SAN FRANCISCO – Bitcoin was conceived more than a decade ago as “digital gold”, a long-term means of storing value that will withstand broader economic trends and hedge against inflation.
But the falling price of bitcoin in the last month shows that the vision is far from reality. Instead, traders are increasingly treating cryptocurrency as another speculative technology investment.
Since the beginning of this year, the movement of bitcoin prices closely reflects that of Nasdaq, a benchmark that is heavily weighed against technology stocks, according to an analysis by data firm Arcane Research. This means that as the price of bitcoin has fallen by more than 25 percent in the last month, to below $ 30,000 on Wednesday – less than half of its peak in November – the decline came to an almost final step with a wider collapse in technology shares, as investors struggled with higher interest rates and the war in Ukraine.
The growing correlation helps explain why those who bought the cryptocurrency last year, hoping to become more valuable, saw their investment crater. And while bitcoin has always been volatile, its growing resemblance to risky technology stocks clearly shows that its promise as a transformative asset remains unfulfilled.
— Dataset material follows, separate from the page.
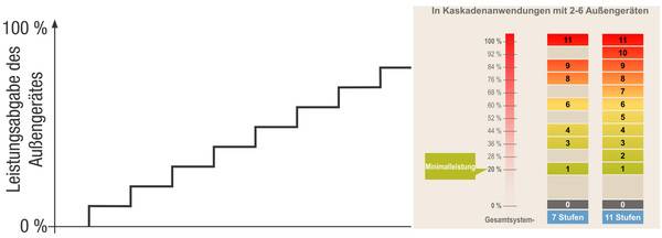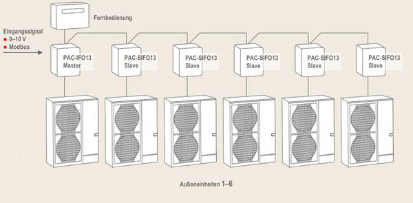 Die besondere Intelligenz der Schnittstelle liegt dann in der Regelung der Einsatzzeiten und -bedingungen einer Kaskade. Mitsubishi Electric löst diese Thematik beispielsweise über sein Anschlusskit PAC-IF013 auf, mit dem sich eine Kaskadenregelung für bis zu sechs Außengeräte der Mr.-Slim-Serie umsetzen lässt. Dadurch kann eine Gesamtleistung bis zu 168 kW Kälte- und 189 kW Heizleistung erreicht werden, die bedingt durch die Kaskade über eine äußerst attraktive Modulations-Bandbreite verfügen kann. Reichen diese Leistungen nicht aus, kann auf die VRF-Technologie gesetzt werden, die vergleichbare Funktionalitäten anbietet.
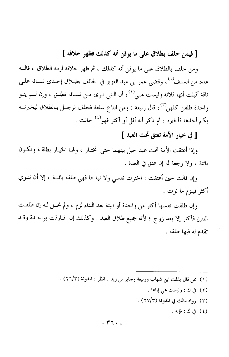 1730 - ومن حلف بالطلاق على ما يوقن أنه كذلك، ثم ظهر خلافه لزمه الطلاق، قاله عدد من السلف، وقضى عمر بن عبد العزيز في الحالف بطلاق إحدى نسائه على ناقة أقبلت أنها فلانة وليست هي، أن التي نوى من نسائه تطلق، وإن لم ينو واحدة طلقن كلهن، قال ربيعة: ومن ابتاع سلعة فحلف لرجل بالطلاق ليخبرنه بكم أخذها فأخبره، ثم ذكر أنه أقل أو أكثر فهو حانث.

“This delegitimizes the argument that bitcoin is like gold,” said Vetle Lunde, an Arcane analyst. “Evidence suggests that bitcoin is simply a risky asset.”
Arcane Research assigned a numerical score between 1 and -1 to capture the price correlation between Bitcoin and Nasdaq. A score of 1 shows an exact correlation, which means that prices move in tandem, and a score of -1 represents an exact divergence.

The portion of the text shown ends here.